### ABOUT THIS EXERCISE:
No pictures, please. Output the lines from the start of the data through the line that contains "Mit viel Liebe", both included, exactly as they stand.

Records from a dataset
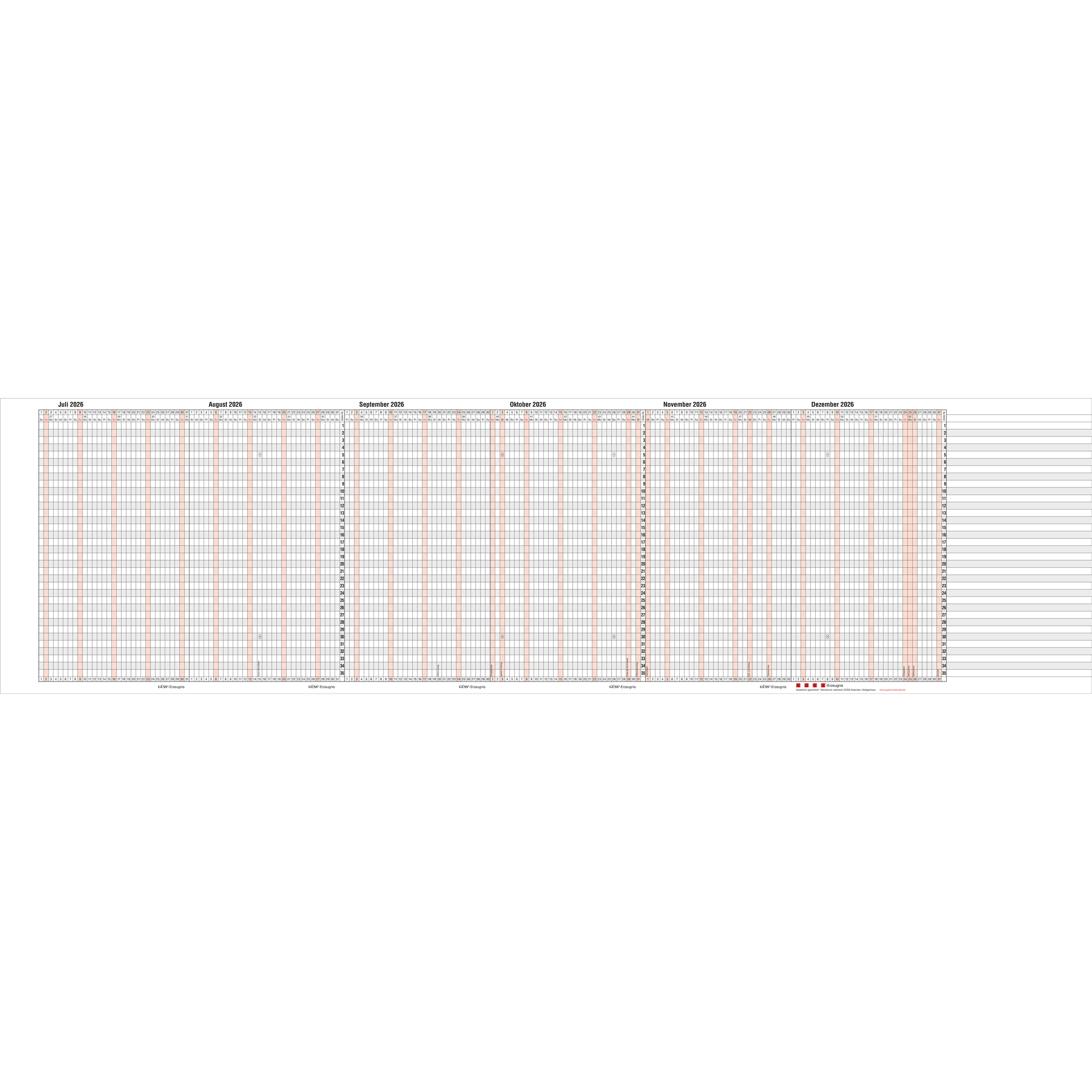 Leporellogefalzt. Von Januar bis Dezember. Zählung 1 bis 35 alle 2 Monate. Namenszeilen abwechselnd gerastert. Sonn- und Feiertage in Rotdruck.
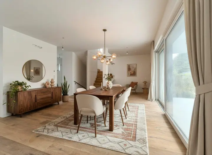 Mit viel Liebe zum Detail und einer durchdachten Planung werden diese Häuser zu einem Ort, an dem Sie sich rundum wohlfühlen werden. Der offene Wohn- und Essbereich, die großzügigen Fensterfronten, die Fußbodenheizung sowie die Balkone und Terrassen versprechen einen hohen Wohnkomfort.
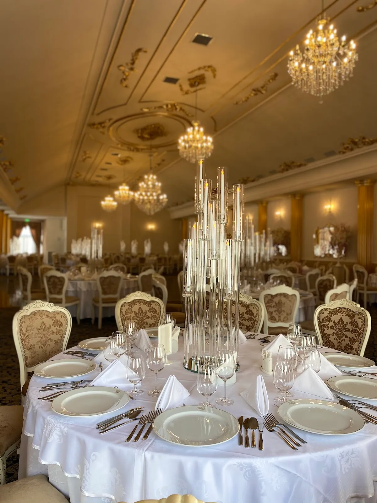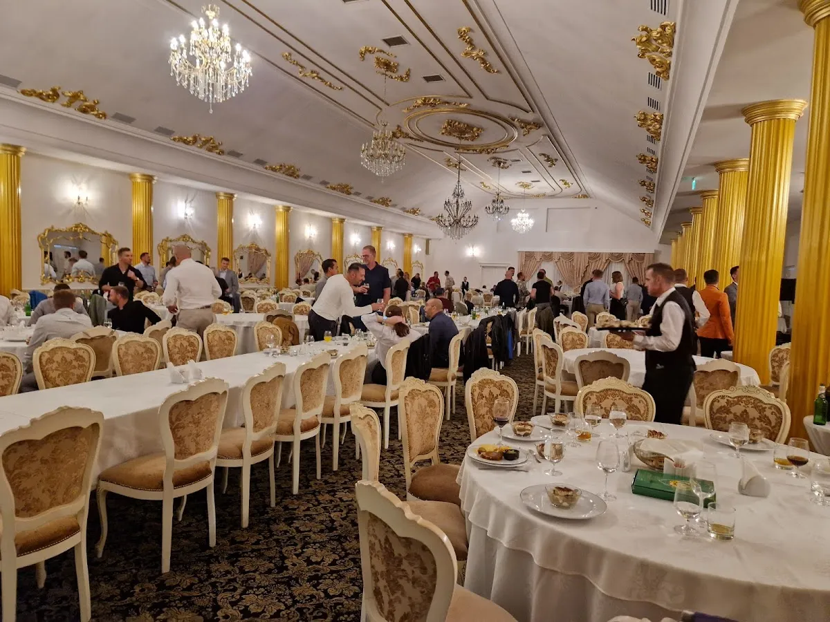 Interiorul restaurantului se remarcă prin coloane aurite, candelabre cu cristale și oglinzi mari, care creează o atmosferă unică și distinsă. Sala principală dispune de un ring de dans central generos, oferind suficient spațiu pentru ca invitații să se bucure de momentele speciale ale evenimentului. De asemenea, locația beneficiază de o terasă spațioasă, ideală pentru momente de relaxare în aer liber.
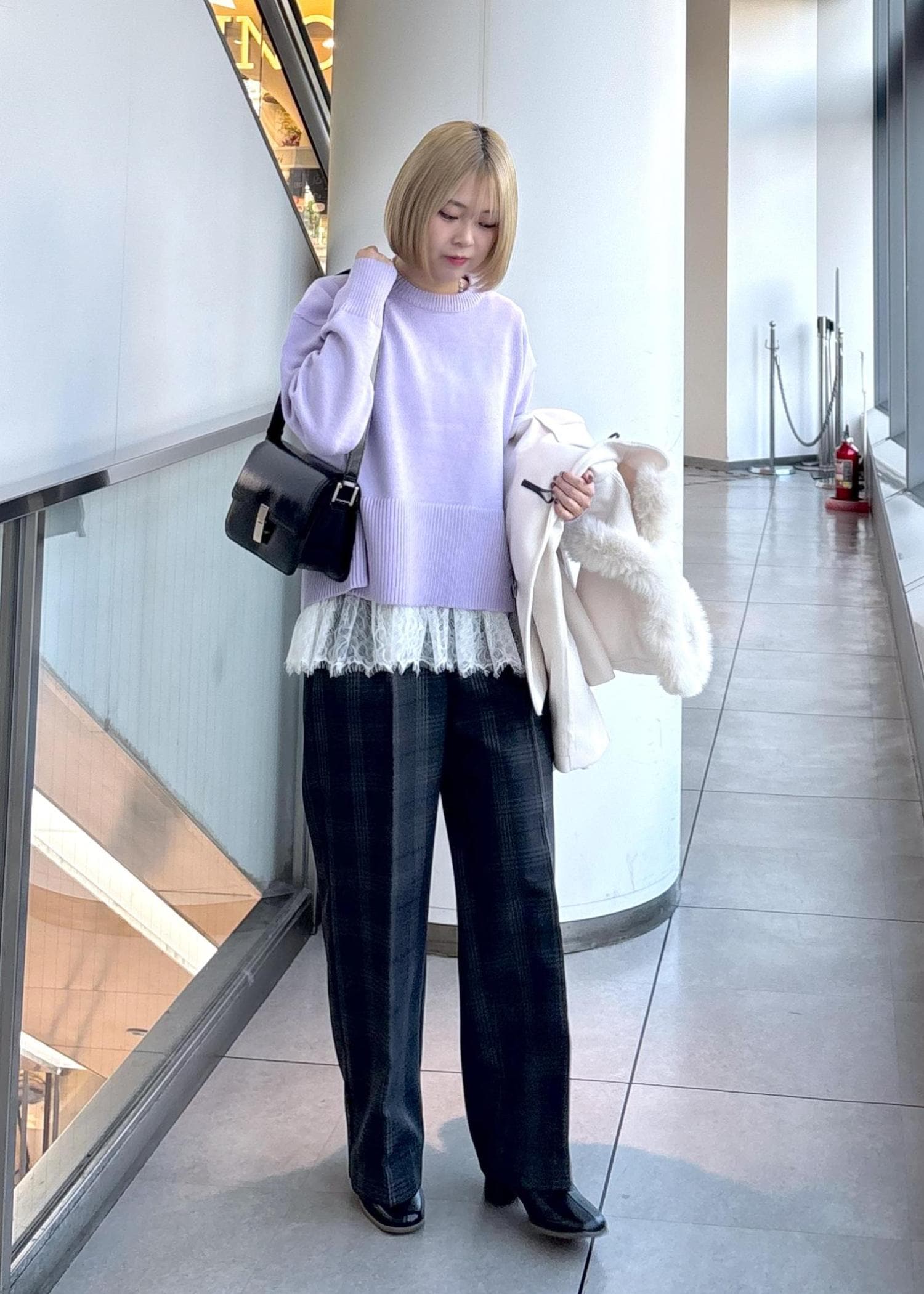 インナーをレイヤードして裾を見せても可愛いです◎ -
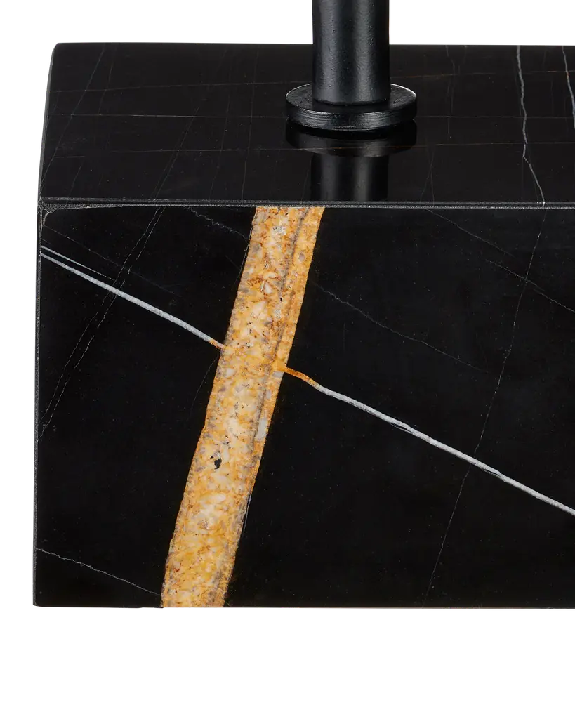 A true masterpiece of Mother Nature's doing, the Prado Drinks Table gleans its personality from the Nero Saint Laurent marble, imported from Italy, that forms its base and top. The striations of color on the blocky piece and the round disc, connected by a metal stem in a black finish, are artfully beautiful. Wipe clean with a soft, dry cloth or static duster. Always avoid the use of harsh chemicals or abrasive cleaners as they may cause damage to the item's finish.
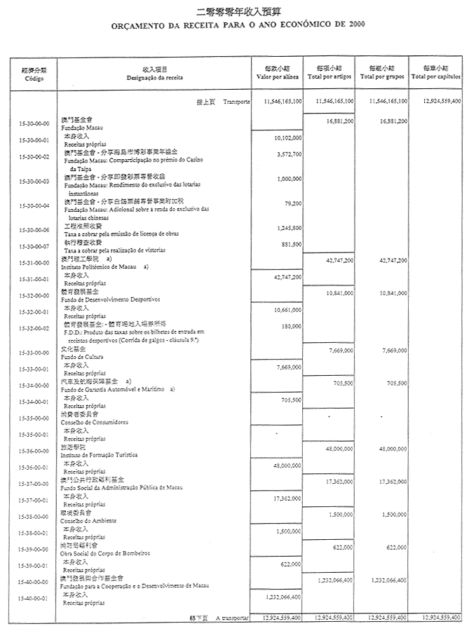 一、稅捐、直接與間接稅及其他收入之總所得預計為澳門幣12,924,559,400.00圓,並於二零零零年內按照現規範或將規範有關徵收之法律規定進行徵收;該總所得應根據現行法規之規定,用於支付二零零零年內所作之開支。
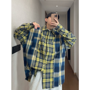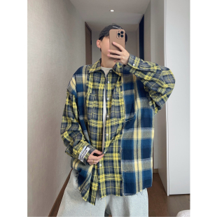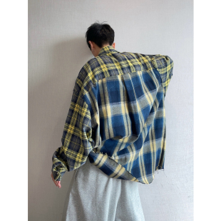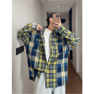 男INS 衬衫 dannyandzee春季 复古痞帅宽松黄蓝格子拼接毛边宽松长袖
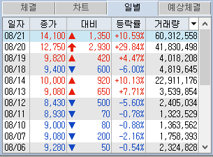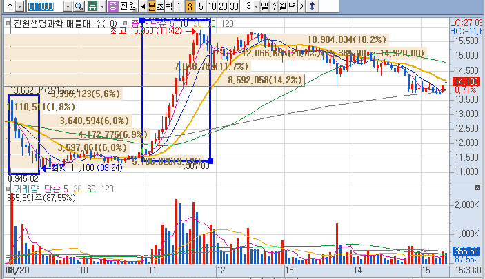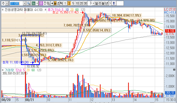 11시부터 대량거래와 함께 저가 대비 30% 오르면서 20%에 안착했습니다.
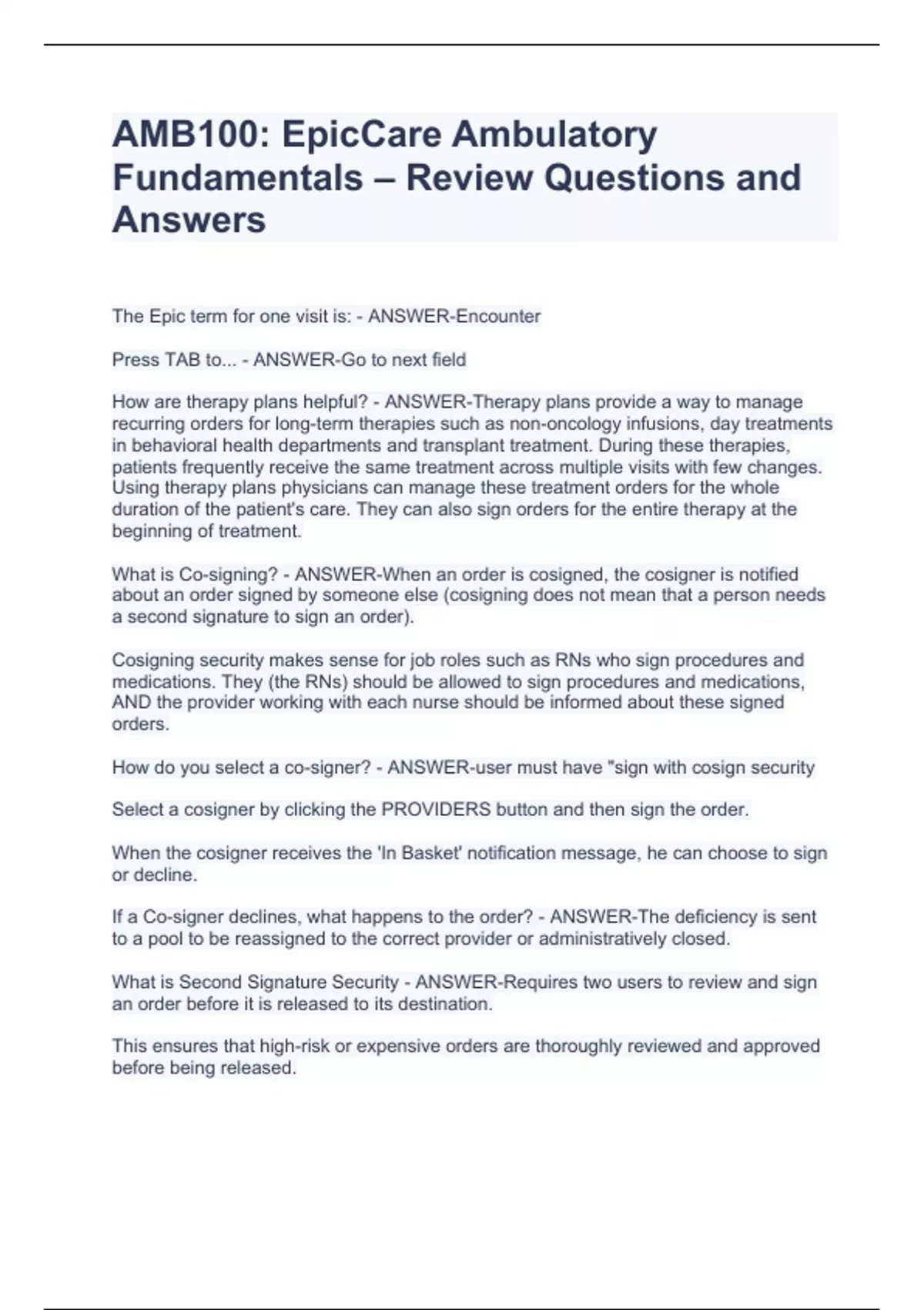 AMB100: EpicCare Ambulatory Fundamentals – Review Questions and AnswersAMB100: EpicCare Ambulatory Fundamentals – Review Questions and Answers The Epic term for one visit is: - ANSWER-Encounter Press TAB to... - ANSWER-Go to next field How are therapy plans helpful? - ANSWER-Therapy plans provide a way to manage recurring orders for long-term therapies such as non-oncology infusions, day treatments in behavioral health departments and transplant treatment. During these therapies, patients frequently receive the same treatment across multiple visits with few changes. Using therapy plans physicians can manage these treatment orders for the whole duration of the patient's care. They can also sign orders for the entire therapy at the beginning of treatment. What is Co-signing? - ANSWER-When an order is cosigned, the cosigner is notified about an order signed by someone else (cosigning does not mean that a person needs a second signature to sign an order). Cosigning security makes sense for job roles such as RNs who sign procedures and medications. They (the RNs) should be allowed to sign procedures and medications, AND the provider working with each nurse should be informed about these signed orders. How do you select a co-signer? - ANSWER-user must have "sign with cosign security Select a cosigner by clicking the PROVIDERS button and then sign the order. When the cosigner receives the 'In Basket' notification message, he can choose to sign or decline. If a Co-signer declines, what happens to the order? - ANSWER-The deficiency is sent to a pool to be reassigned to the correct provider or administratively closed. What is Second Signature Security - ANSWER-Requires two users to review and sign an order before it is released to its destination. This ensures that high-risk or expensive orders are thoroughly reviewed and approved before being released.

### WRITTEN RESPONSE:
 Leporellogefalzt. Von Januar bis Dezember. Zählung 1 bis 35 alle 2 Monate. Namenszeilen abwechselnd gerastert. Sonn- und Feiertage in Rotdruck.
 Mit viel Liebe zum Detail und einer durchdachten Planung werden diese Häuser zu einem Ort, an dem Sie sich rundum wohlfühlen werden. Der offene Wohn- und Essbereich, die großzügigen Fensterfronten, die Fußbodenheizung sowie die Balkone und Terrassen versprechen einen hohen Wohnkomfort.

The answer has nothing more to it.